Result of fsync latency (which is very STRANGE):
  0.895 ms for Samsung 860 evo (SATA)
  5.352 ms for Samsung 980 pro (NVMe)

For read/write latency: from the official document of these 2 devices:
https://s3.ap-northeast-2.amazonaws.com/global.semi.static/Samsung_SSD_860_EVO_Data_Sheet_...
https://s3.ap-northeast-2.amazonaws.com/global.semi.static/Samsung_NVMe_SSD_980_PRO_Data_S...
980 pro is superior to 860 evo in ALL aspects (i.e. random read/write IOPS, sequential read/write throughput).

What's more I noticed is when I disable the double-write buffer, the performance difference of the two devices is much more narrowed.

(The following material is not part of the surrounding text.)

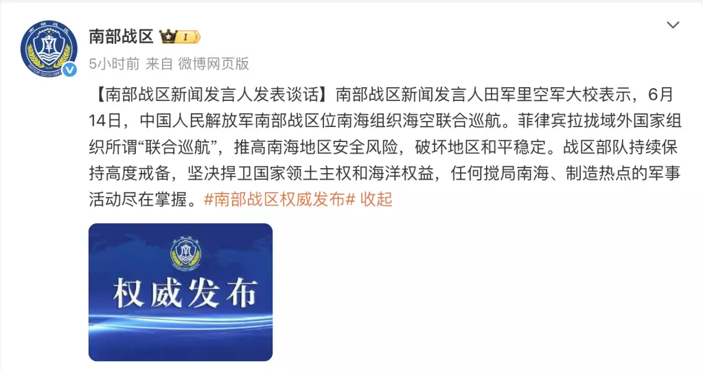 解放軍南部戰區新聞發言人表示,解放軍南部戰區星期六在南海組織海空聯合巡航。菲律賓拉攏域外國家組織所謂聯合巡航,推高南海地區安全風險,破壞地區和平穩定。戰區部隊持續保持高度戒備,堅決捍衛國家領土主權和海洋權益,任何攪局南海、製造熱點的軍事活動盡在掌握。

Please refer to
https://dba.stackexchange.com/questions/282927/using-double-write-buffer-is-8x-slower-in-s...

using dmesg, I do not see any error message about anything after some performance experiments on theses two devices. Actually, I have just bought these two devices from Samsung official mall for 2 weeks.

Hi Mr. he,

Thank you for your bug report.

However, this is not bug in MySQL.

Simply, you diagnosed yourself a latency which is totally independent of our server.

Not a bug.

@haochen he: do you use a Ryzen CPU and what motherboard is it ? 
I experienced this with Ryzen 5 3600 CPU and Gigabyte B550M DS3H motherboard. 

I didn't test with other systems, but I found other people experiencing the same latency in MySQL with Samsung 980 pro and Ryzen CPUs. I am trying to see if the Ryzen or motherboard might be the cause. 

With a Kingston DC1000B NVME it didn't have this bad latency, but with many other NVMEs I seen same bad latency.